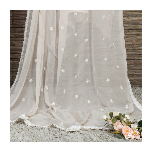 Chambeli Serenity: Embellished Cotton Net Dress with Chiffon Dupatta
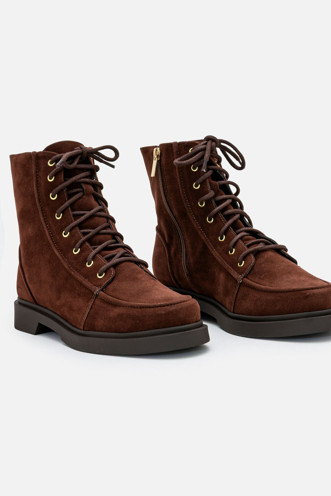 Confeccionado em camurça de alta qualidade, o modelo apresenta textura macia e acabamento sofisticado, que adiciona profundidade ao tom marrom e valoriza ainda mais o design do calçado. O fechamento em cadarço permite ajuste perfeito aos pés, enquanto os ilhós metálicos reforçam o estilo moderno e a durabilidade da peça.
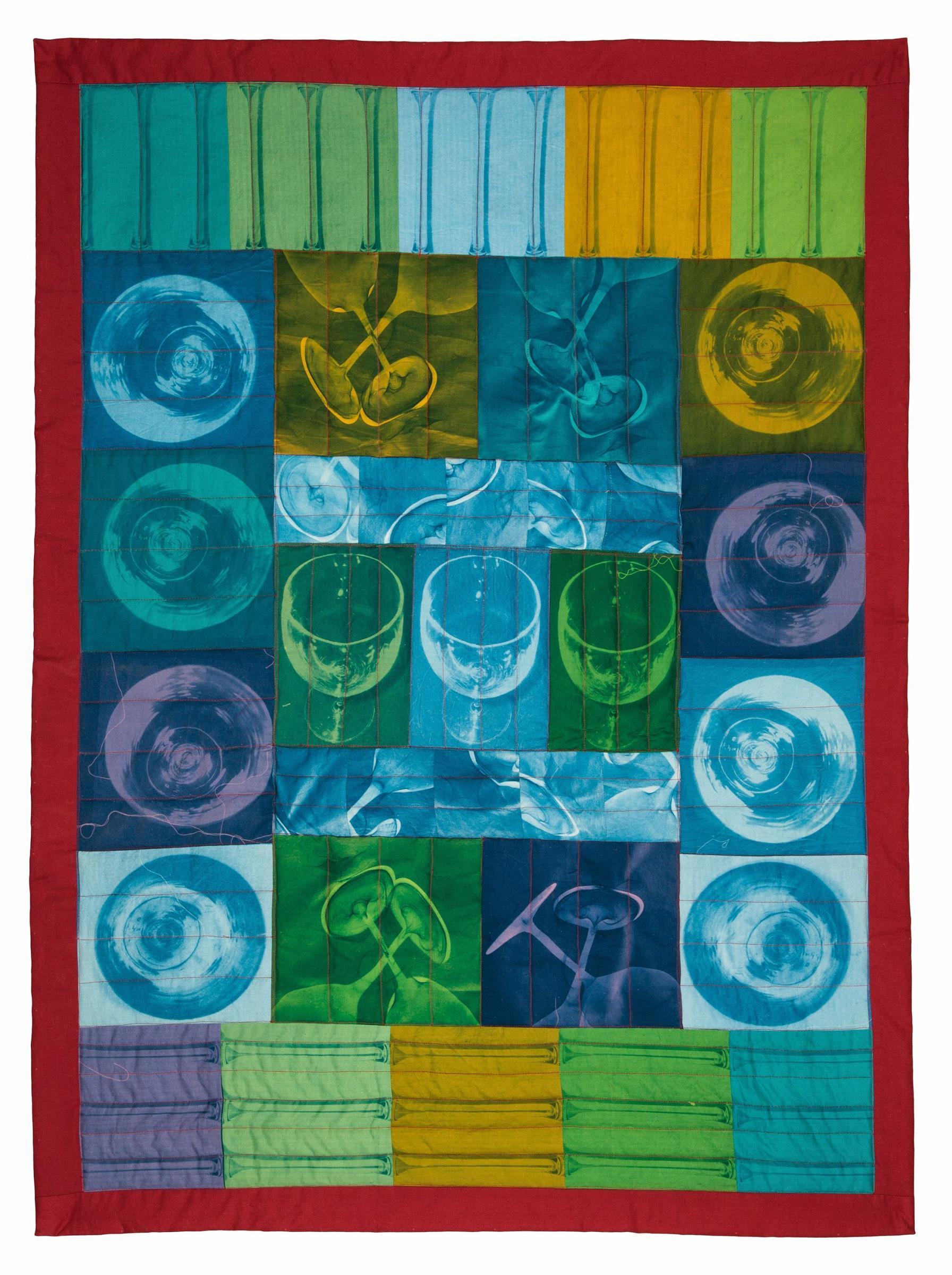 Browse the Collection Bottoms Up! Sandra Sider Size 44 in x 32 in (112 cm x 81 cm) Exhibition Redirecting the Ordinary (SAQA Global Exhibition) Price $0.00 Buy Now >> Wine glasses are transparent objects that glow with rich color when wine is poured. But fill them with light, and magical, unpredictable images appear.

==*==

WHAT YOU NEED TO DO
The lines from the start of the data through the line that contains "Confeccionado em camurça" are to be returned exactly, please, with both ends included and every picture left out.

WRITTEN ANSWER
 Chambeli Serenity: Embellished Cotton Net Dress with Chiffon Dupatta
 Confeccionado em camurça de alta qualidade, o modelo apresenta textura macia e acabamento sofisticado, que adiciona profundidade ao tom marrom e valoriza ainda mais o design do calçado. O fechamento em cadarço permite ajuste perfeito aos pés, enquanto os ilhós metálicos reforçam o estilo moderno e a durabilidade da peça.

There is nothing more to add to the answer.